*WHAT TO WORK ON*
Copy exactly the lines from the first line of the records below through the line containing "5.线上预约至少提前一天申请", including both, and nothing else.

*Extracted data entries*
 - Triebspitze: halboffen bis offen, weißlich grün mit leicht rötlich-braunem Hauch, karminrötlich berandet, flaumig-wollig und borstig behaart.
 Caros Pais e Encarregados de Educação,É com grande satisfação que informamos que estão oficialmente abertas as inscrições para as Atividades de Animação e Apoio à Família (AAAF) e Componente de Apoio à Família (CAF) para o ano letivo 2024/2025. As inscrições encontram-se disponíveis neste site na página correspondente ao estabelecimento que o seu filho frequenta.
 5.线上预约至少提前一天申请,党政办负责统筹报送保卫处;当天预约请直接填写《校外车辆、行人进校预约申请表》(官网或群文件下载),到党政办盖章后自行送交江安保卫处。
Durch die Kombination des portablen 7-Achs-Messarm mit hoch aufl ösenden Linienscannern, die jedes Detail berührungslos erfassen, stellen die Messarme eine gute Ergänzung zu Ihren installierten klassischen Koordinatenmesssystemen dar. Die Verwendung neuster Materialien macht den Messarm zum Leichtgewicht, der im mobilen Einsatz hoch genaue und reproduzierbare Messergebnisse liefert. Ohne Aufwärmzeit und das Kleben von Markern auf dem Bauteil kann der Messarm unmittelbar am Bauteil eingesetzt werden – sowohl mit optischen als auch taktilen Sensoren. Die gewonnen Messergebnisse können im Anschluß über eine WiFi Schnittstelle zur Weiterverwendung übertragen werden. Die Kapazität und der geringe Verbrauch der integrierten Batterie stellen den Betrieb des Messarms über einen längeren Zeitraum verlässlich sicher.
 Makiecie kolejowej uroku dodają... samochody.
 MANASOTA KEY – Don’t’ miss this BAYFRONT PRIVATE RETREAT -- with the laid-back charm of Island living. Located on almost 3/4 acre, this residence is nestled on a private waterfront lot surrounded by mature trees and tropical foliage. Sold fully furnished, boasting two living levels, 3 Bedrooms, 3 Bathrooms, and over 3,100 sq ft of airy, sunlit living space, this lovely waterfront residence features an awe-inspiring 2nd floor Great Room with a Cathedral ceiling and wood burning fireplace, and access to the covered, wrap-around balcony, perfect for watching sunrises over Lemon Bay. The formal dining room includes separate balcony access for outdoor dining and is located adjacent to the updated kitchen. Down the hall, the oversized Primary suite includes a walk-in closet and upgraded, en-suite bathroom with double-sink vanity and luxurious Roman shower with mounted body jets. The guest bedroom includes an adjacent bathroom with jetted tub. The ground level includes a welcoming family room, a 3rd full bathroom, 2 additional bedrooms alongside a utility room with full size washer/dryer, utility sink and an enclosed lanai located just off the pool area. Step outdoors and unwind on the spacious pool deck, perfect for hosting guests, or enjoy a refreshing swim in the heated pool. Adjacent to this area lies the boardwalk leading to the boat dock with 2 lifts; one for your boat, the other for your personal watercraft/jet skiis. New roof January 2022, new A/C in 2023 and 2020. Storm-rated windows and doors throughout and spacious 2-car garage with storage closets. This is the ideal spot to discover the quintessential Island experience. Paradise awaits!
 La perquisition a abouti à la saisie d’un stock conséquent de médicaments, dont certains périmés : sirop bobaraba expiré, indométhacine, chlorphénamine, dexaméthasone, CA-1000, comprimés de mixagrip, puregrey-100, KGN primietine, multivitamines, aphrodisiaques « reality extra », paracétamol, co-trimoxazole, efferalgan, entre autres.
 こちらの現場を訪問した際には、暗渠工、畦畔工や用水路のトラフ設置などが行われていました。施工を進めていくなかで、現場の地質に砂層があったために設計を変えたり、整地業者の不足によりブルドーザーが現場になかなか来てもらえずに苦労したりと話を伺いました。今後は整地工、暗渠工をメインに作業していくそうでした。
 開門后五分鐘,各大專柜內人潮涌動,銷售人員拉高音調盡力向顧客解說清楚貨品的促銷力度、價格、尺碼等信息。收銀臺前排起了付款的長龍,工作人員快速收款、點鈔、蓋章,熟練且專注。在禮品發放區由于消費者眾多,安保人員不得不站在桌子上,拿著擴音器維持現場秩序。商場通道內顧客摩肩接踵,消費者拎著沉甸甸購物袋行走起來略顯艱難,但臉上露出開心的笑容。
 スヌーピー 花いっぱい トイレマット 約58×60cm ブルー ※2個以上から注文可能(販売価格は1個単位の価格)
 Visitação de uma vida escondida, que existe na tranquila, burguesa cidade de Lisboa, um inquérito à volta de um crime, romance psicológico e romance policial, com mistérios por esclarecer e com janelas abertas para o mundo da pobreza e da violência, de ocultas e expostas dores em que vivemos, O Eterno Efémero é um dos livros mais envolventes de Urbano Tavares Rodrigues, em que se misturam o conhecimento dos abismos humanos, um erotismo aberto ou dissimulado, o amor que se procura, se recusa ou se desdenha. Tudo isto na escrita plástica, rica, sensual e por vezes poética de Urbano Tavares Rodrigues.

*EXERCISE ANSWER*
 - Triebspitze: halboffen bis offen, weißlich grün mit leicht rötlich-braunem Hauch, karminrötlich berandet, flaumig-wollig und borstig behaart.
 Caros Pais e Encarregados de Educação,É com grande satisfação que informamos que estão oficialmente abertas as inscrições para as Atividades de Animação e Apoio à Família (AAAF) e Componente de Apoio à Família (CAF) para o ano letivo 2024/2025. As inscrições encontram-se disponíveis neste site na página correspondente ao estabelecimento que o seu filho frequenta.
 5.线上预约至少提前一天申请,党政办负责统筹报送保卫处;当天预约请直接填写《校外车辆、行人进校预约申请表》(官网或群文件下载),到党政办盖章后自行送交江安保卫处。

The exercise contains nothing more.